Support Questions

Find answers, ask questions, and share your expertise
Announcements
Celebrating as our community reaches 100,000 members! Thank you!

Can't connect to Impala through JDBC on Amazon EMR

avatar
Explorer

Hi all,

 
I'm trying to connect to Impala on a cluster setup through Amazon EMR, but it doesn't work. It's a three-node cluster, with Impala installed and working. I've done the following things:
 
  • Setup a SSH tunnel to the master node like this: ssh -ND 21050 hadoop@master-node-external-dns-hostname
  • Downloaded the correct JDBC drivers from here: http://docs.aws.amazon.com/ElasticMapReduce/latest/DeveloperGuide/impala-jdbc.html
  • Tried to setup a connection using SquirrelSQL and SQLWorkbenchJ using the downloaded drivers and the following connection string: jdbc:hive2://localhost:21050/;auth=noSasl
  • Result: Could not establish connection to jdbc:hive2://localhost:21050/;auth=noSasl: null
  • I checked wether Impala works by running impala-shell on the master node. I can show tables, query, etc.
  • I checked wether the port is forwarded through the tunnel by telnetting to localhost 21050
  • I checked with beeline on the master node if it's possible at all to connect to Impala through JDBC on that port. Works just fine
Am I missing something? Can someone shine their light on this? 
 
Thanks!
1 ACCEPTED SOLUTION

avatar
New Contributor
Hi Daan,

I tried a different SSH tunnel and it worked for me:

ssh -L 12345:localhost:21050 your_user_name@your_node.compute.amazonaws.com

This opens up a port 12345 on your local machine and forwards it to port 21050 on the hadoop node.

More info here: http://marcelkrcah.net/blog/how-to-wire-pandas-to-impala/

View solution in original post

4 REPLIES 4

avatar
Master Collaborator

Daan,

 

I think you'd need to ask Amazon about this; it provides support for Impala on EMR.

avatar
Explorer
I asked it over at the Amazon EMR forums as well. No answers so far 😞 I
thought that maybe this was a general Impala JDBC issue that people have
seen before.

avatar
New Contributor
Hi Daan,

I tried a different SSH tunnel and it worked for me:

ssh -L 12345:localhost:21050 your_user_name@your_node.compute.amazonaws.com

This opens up a port 12345 on your local machine and forwards it to port 21050 on the hadoop node.

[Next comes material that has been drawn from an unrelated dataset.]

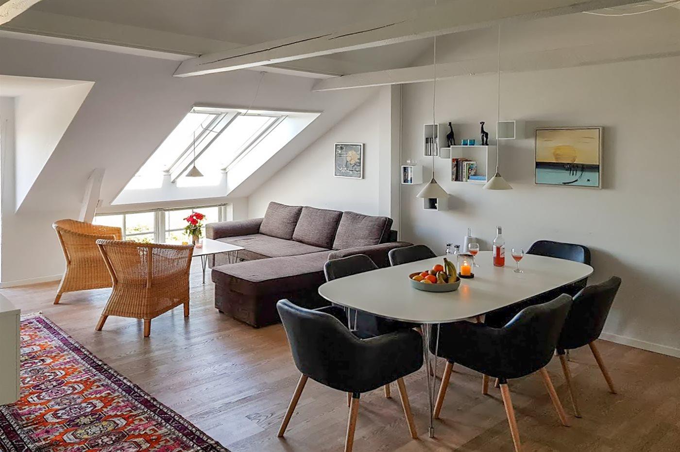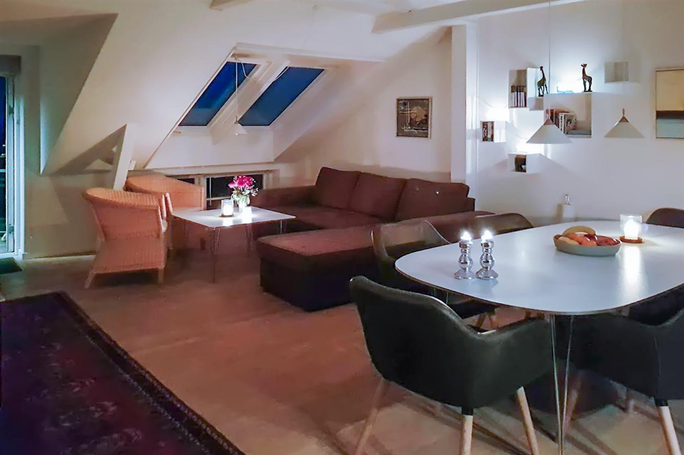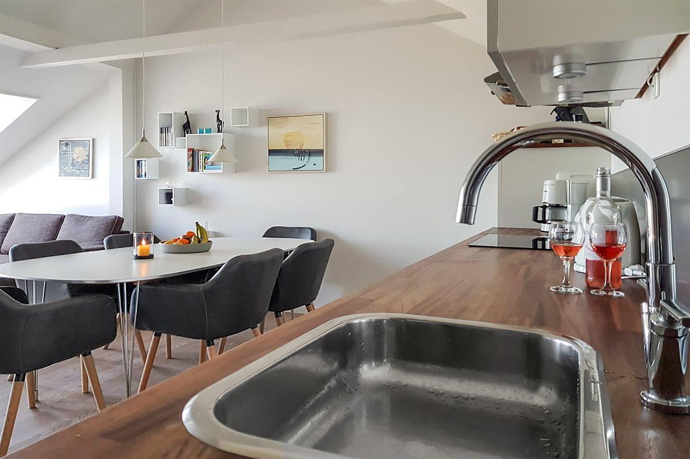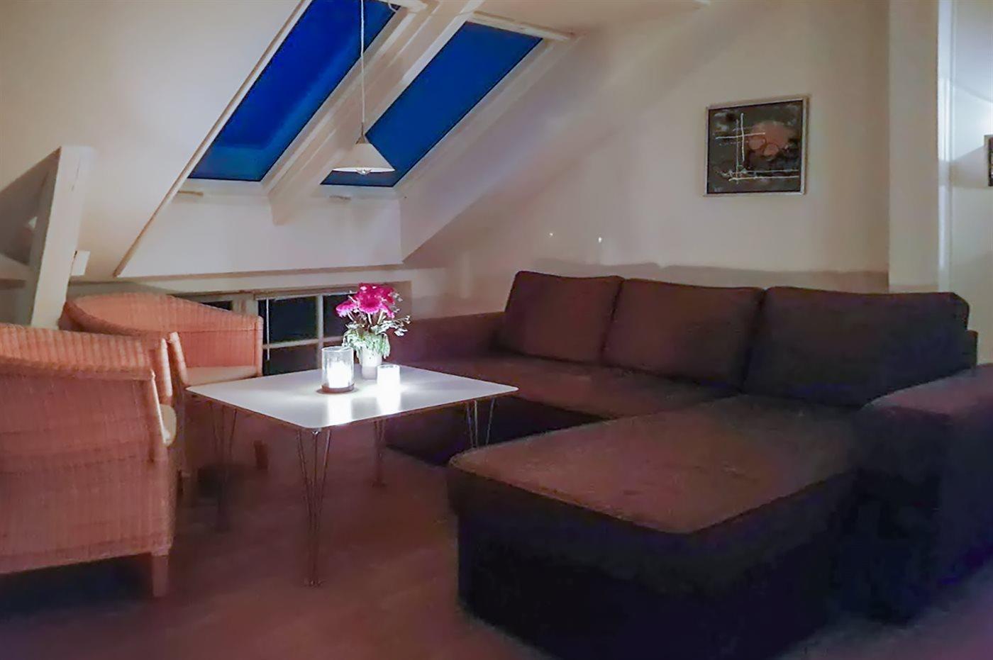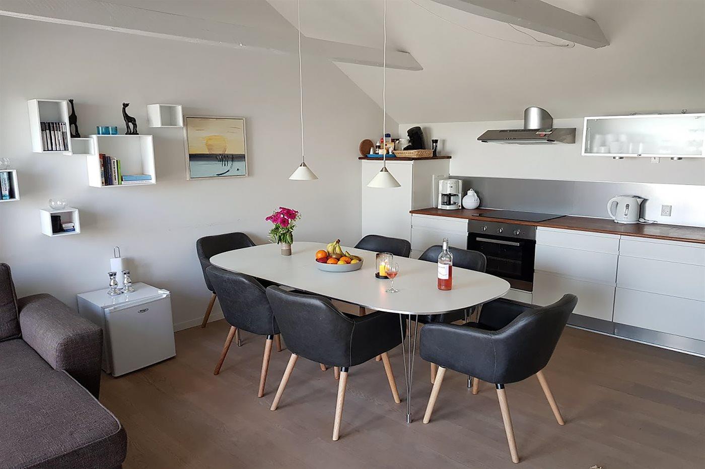 Nur 1.000 Meter von Allinge liegt diese nett eingerichtete und helle Ferienwohnung, 2006 renoviert, liegt im Obergeschoss in der ehemaligen Pension Boesvang in Sandkås. Vom herrlichen Balkon/Terrasse mit Gartenmöbeln haben Sie eine phantastische Aussicht über das Gemeinschaftsgelände mit Swimmingpool sowie dem Meer bis zur Insel Christiansø hinaus. Die Wohnung ist über eine auswendige Treppe zu erreichen.

More info here: http://marcelkrcah.net/blog/how-to-wire-pandas-to-impala/

avatar
Explorer

Thanks Marcel! That seems to work indeed, at least with Tableau and Impyla. Apparently the instructions on the Amazon website regarding setting up a tunnel, don't work that well. I'm gonna try out tomorrow if this tunnel also works with Squirrel and other generic JDBC DB tools.